------ Data in this exercise ------

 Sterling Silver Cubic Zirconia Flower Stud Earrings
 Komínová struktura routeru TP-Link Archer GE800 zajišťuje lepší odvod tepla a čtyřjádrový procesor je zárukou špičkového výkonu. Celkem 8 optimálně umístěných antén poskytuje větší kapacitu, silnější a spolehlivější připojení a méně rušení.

------
------ Data in this exercise ------

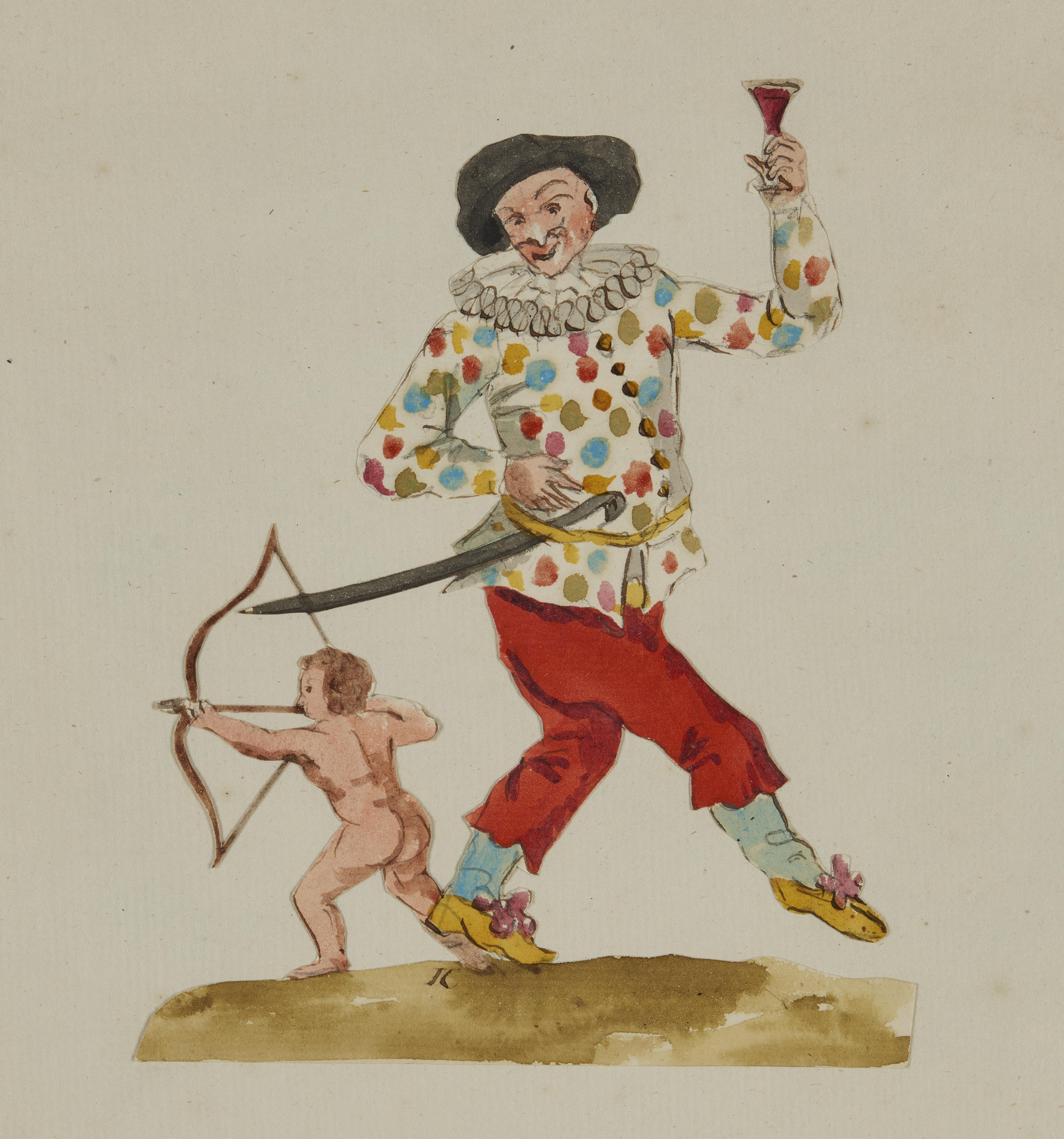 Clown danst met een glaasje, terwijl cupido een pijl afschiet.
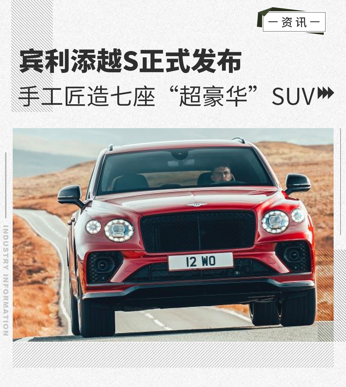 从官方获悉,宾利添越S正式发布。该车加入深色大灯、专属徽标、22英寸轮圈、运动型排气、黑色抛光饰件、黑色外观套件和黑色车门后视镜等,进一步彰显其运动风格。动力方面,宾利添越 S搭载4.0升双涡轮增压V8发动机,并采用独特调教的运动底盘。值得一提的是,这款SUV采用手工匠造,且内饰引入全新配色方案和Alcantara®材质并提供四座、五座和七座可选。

------

● **Directions for this task**: Range to copy from the listing above: the line containing "Clown danst met" down to the line containing "从官方获悉,宾利添越S正式发", both included. Reproduce it exactly, minus the pictures, and add nothing.

● **Answer for this exercise**:
 Clown danst met een glaasje, terwijl cupido een pijl afschiet.
 从官方获悉,宾利添越S正式发布。该车加入深色大灯、专属徽标、22英寸轮圈、运动型排气、黑色抛光饰件、黑色外观套件和黑色车门后视镜等,进一步彰显其运动风格。动力方面,宾利添越 S搭载4.0升双涡轮增压V8发动机,并采用独特调教的运动底盘。值得一提的是,这款SUV采用手工匠造,且内饰引入全新配色方案和Alcantara®材质并提供四座、五座和七座可选。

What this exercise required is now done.